╭─ Provided data

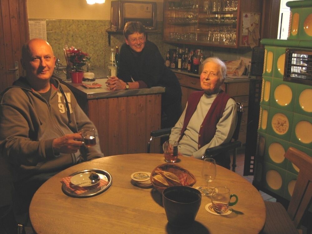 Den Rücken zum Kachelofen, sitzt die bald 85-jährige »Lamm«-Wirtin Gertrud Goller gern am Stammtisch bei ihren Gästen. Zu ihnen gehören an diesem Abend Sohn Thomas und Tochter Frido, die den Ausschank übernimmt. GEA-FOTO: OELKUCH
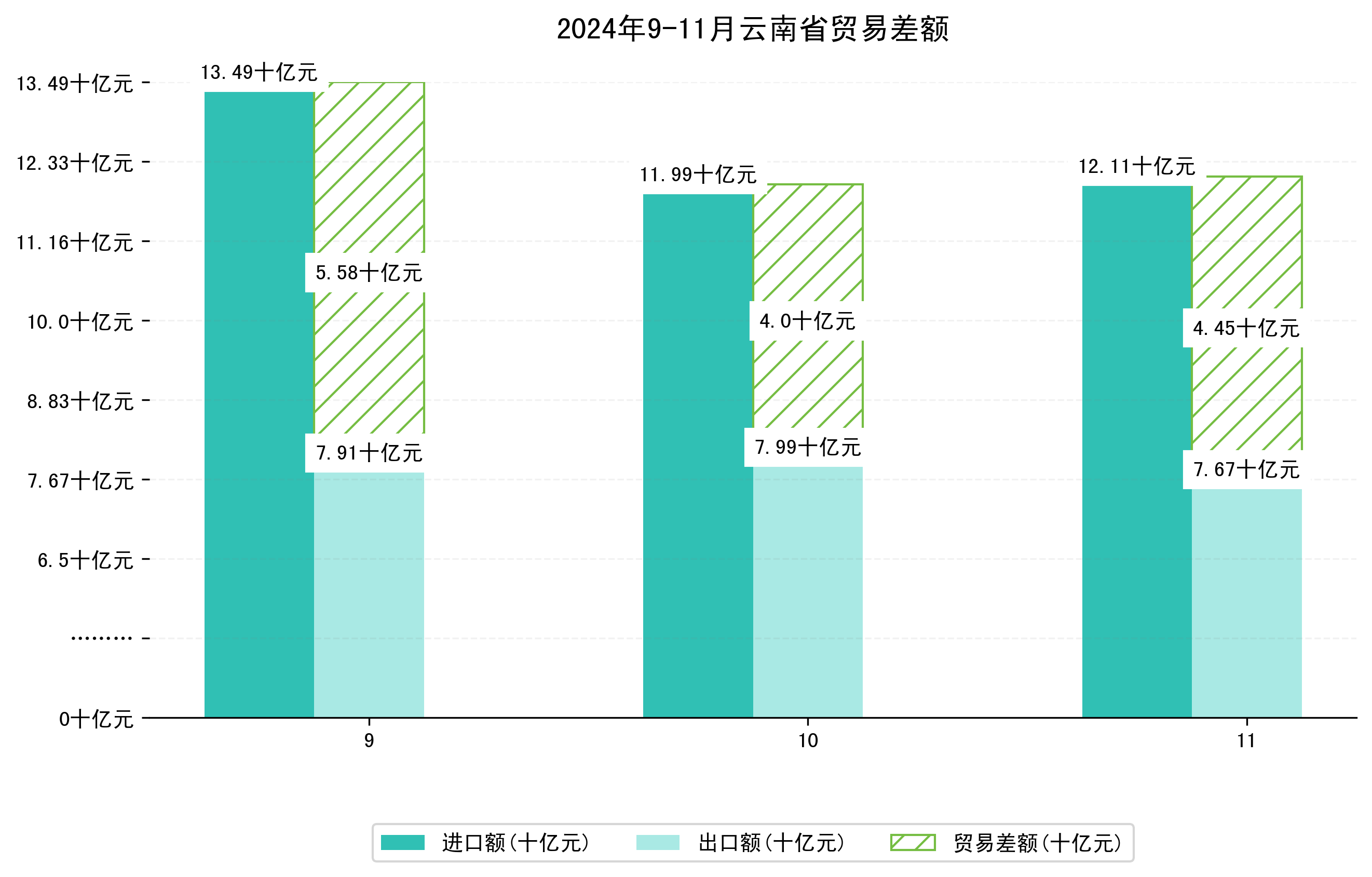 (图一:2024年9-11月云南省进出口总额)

╰─
╭─ Provided data

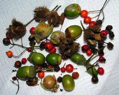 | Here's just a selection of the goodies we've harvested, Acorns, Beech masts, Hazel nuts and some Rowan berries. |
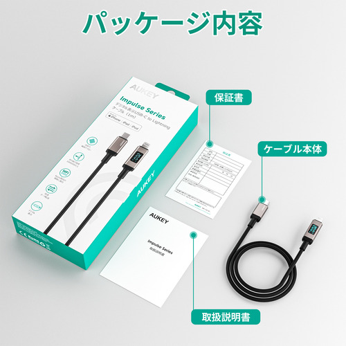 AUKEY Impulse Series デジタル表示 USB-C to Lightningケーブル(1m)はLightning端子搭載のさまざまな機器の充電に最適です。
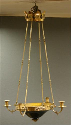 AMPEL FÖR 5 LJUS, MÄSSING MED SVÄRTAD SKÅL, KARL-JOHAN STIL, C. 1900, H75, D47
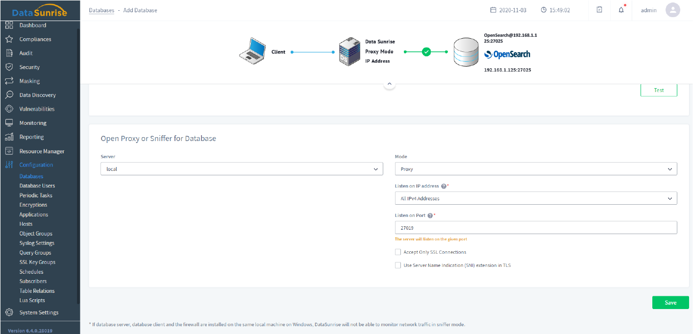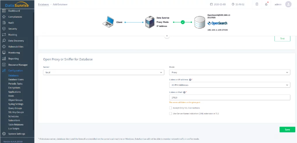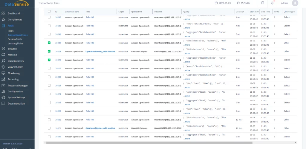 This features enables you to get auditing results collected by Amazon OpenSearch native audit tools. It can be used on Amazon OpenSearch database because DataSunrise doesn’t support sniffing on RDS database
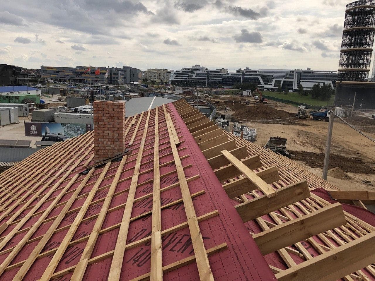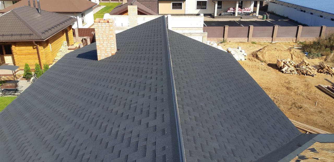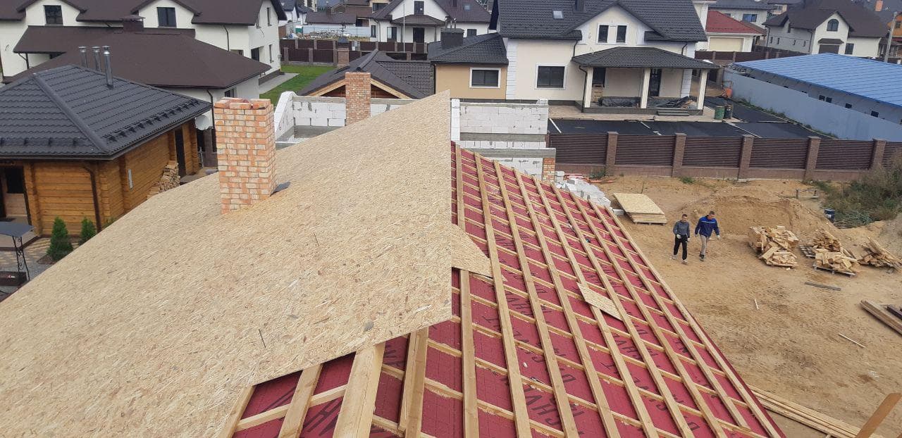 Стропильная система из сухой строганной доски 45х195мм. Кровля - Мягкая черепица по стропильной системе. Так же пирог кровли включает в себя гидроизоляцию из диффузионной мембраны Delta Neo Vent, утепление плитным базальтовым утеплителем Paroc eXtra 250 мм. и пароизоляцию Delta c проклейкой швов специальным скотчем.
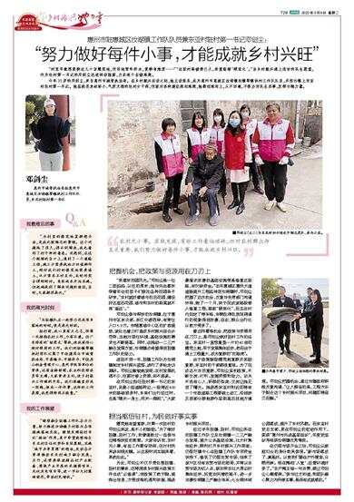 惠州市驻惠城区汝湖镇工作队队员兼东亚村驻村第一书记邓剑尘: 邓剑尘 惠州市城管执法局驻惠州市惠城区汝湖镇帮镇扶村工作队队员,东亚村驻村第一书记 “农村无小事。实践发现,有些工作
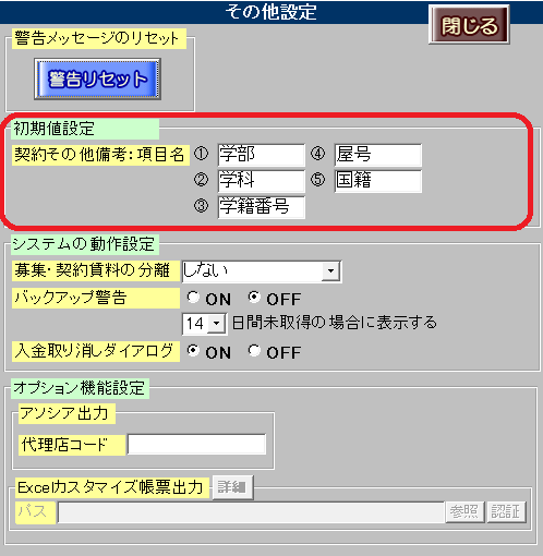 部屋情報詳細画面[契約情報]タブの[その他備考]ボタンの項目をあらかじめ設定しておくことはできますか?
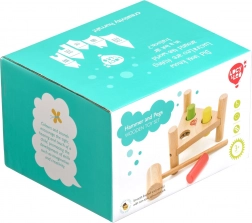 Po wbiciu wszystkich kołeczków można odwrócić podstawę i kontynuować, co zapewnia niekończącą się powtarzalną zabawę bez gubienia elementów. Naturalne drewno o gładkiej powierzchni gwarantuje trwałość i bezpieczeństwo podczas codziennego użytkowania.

╰─

• Your assignment
Transcribe, from the material above, the stretch starting at the line with "Rowan berries. |" and ending at the line with "This features enables", both included, exactly. Do not carry over pictures.

• Result for this exercise
 | Here's just a selection of the goodies we've harvested, Acorns, Beech masts, Hazel nuts and some Rowan berries. |
 AUKEY Impulse Series デジタル表示 USB-C to Lightningケーブル(1m)はLightning端子搭載のさまざまな機器の充電に最適です。
 AMPEL FÖR 5 LJUS, MÄSSING MED SVÄRTAD SKÅL, KARL-JOHAN STIL, C. 1900, H75, D47
 This features enables you to get auditing results collected by Amazon OpenSearch native audit tools. It can be used on Amazon OpenSearch database because DataSunrise doesn’t support sniffing on RDS database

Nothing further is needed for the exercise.